• [WHAT THIS TASK INVOLVES]: Beginning with the line that includes "The sitting room" and ending with the last line, print the records exactly, leaving every picture out.

• [RECORDS FOR THE EXERCISE]:
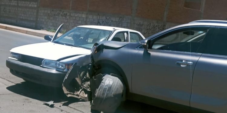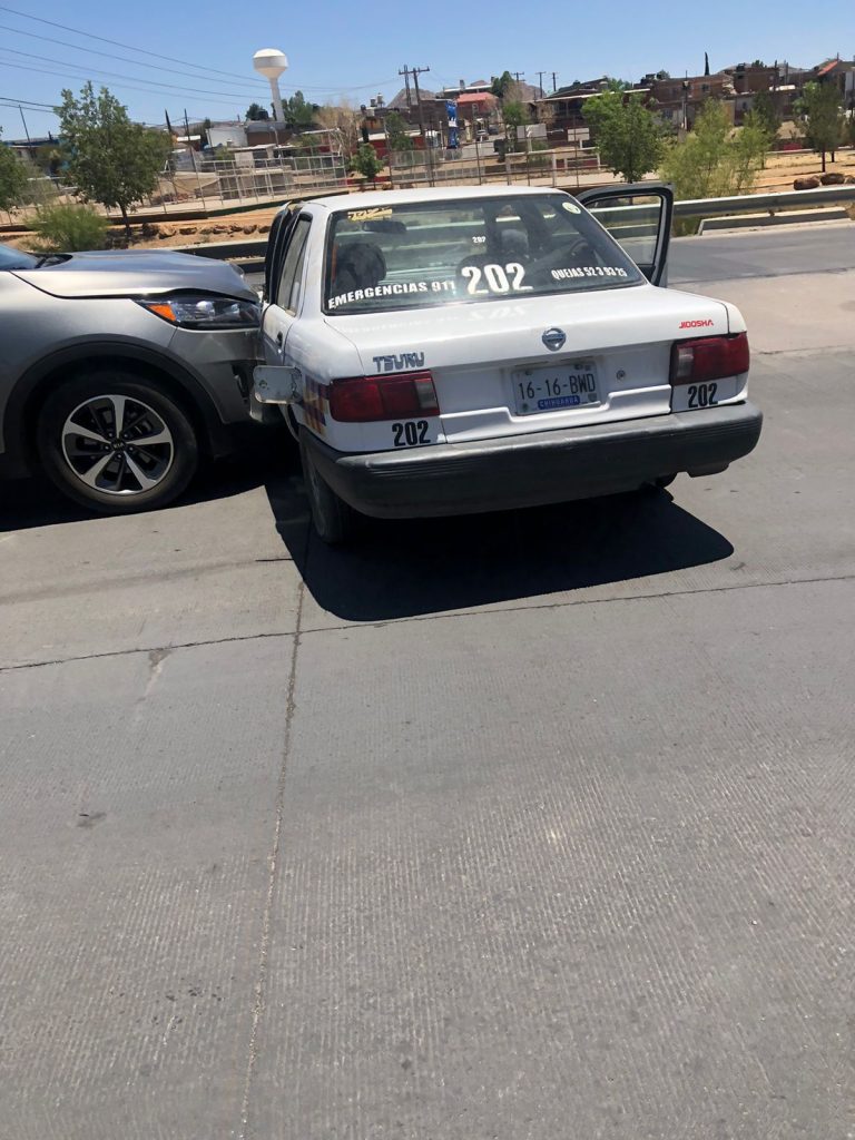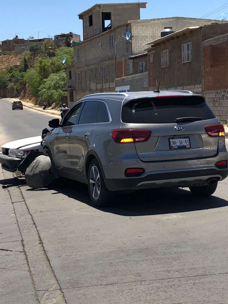 Agentes de Vialidad tomaron nota del percance en el que una KIA Sorento impactó de manera frontal a un Nissan Tsuru habilitado como carro de sitio con número económico 202, dejando el encontronazo cuantiosos daños materiales en ambos automotores.
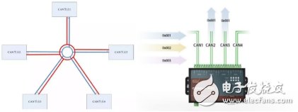 对于星型拓扑结构来说需要注意的是每个分支的终端电阻的匹配,一般等距离分支终端电阻R=N(分支数)*60即可,如果不等距,需要根据实际情况进行匹配,星型组网一般推荐使用(CANHUB-AS4)集线器,能够有效隔离子网络的干扰,延长通讯距离。
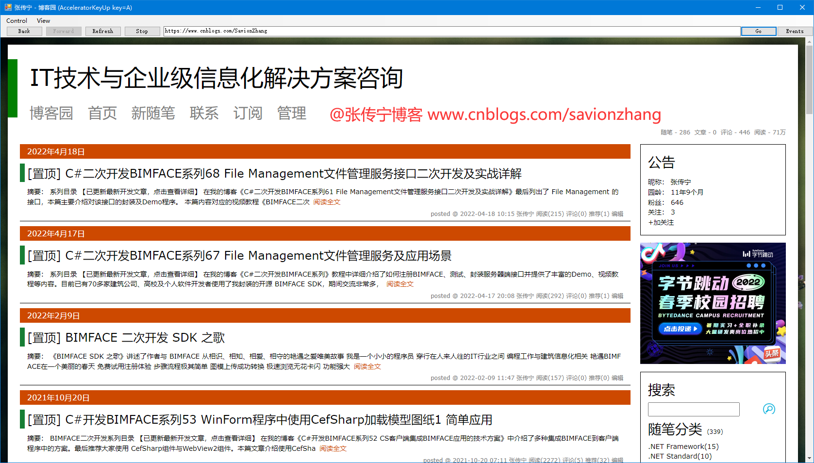下图是在Winform程序中使用WebView2组件加载我的博客园页面的效果
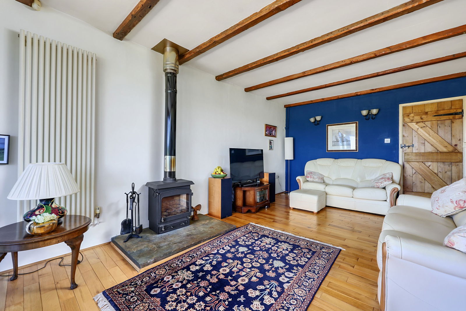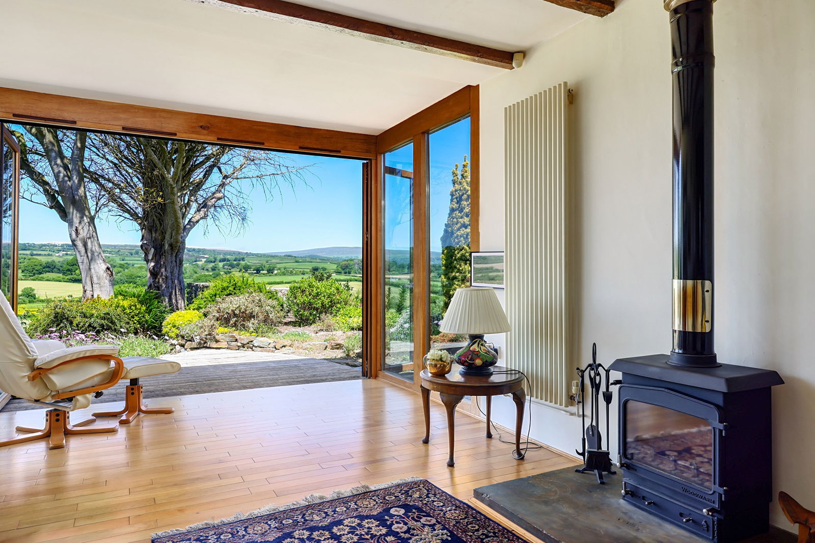 The sitting room extension brings plenty of natural light inside, it becomes a cosy space with a wood-burner in the cooler months with stunning panoramic views all-year round, but particularly special in the spring and summer seasons with bi-folding doors opening to the garden and absorbing the rural life.
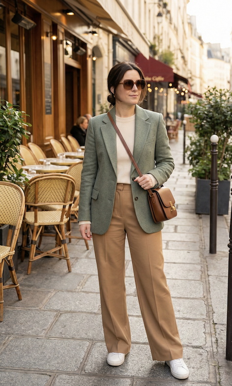 The white sneakers lend a light and modern touch, while the soft tone underlying the blazer is a great balancer.

• [OUTPUT OF THE EXERCISE]:
 The sitting room extension brings plenty of natural light inside, it becomes a cosy space with a wood-burner in the cooler months with stunning panoramic views all-year round, but particularly special in the spring and summer seasons with bi-folding doors opening to the garden and absorbing the rural life.
 The white sneakers lend a light and modern touch, while the soft tone underlying the blazer is a great balancer.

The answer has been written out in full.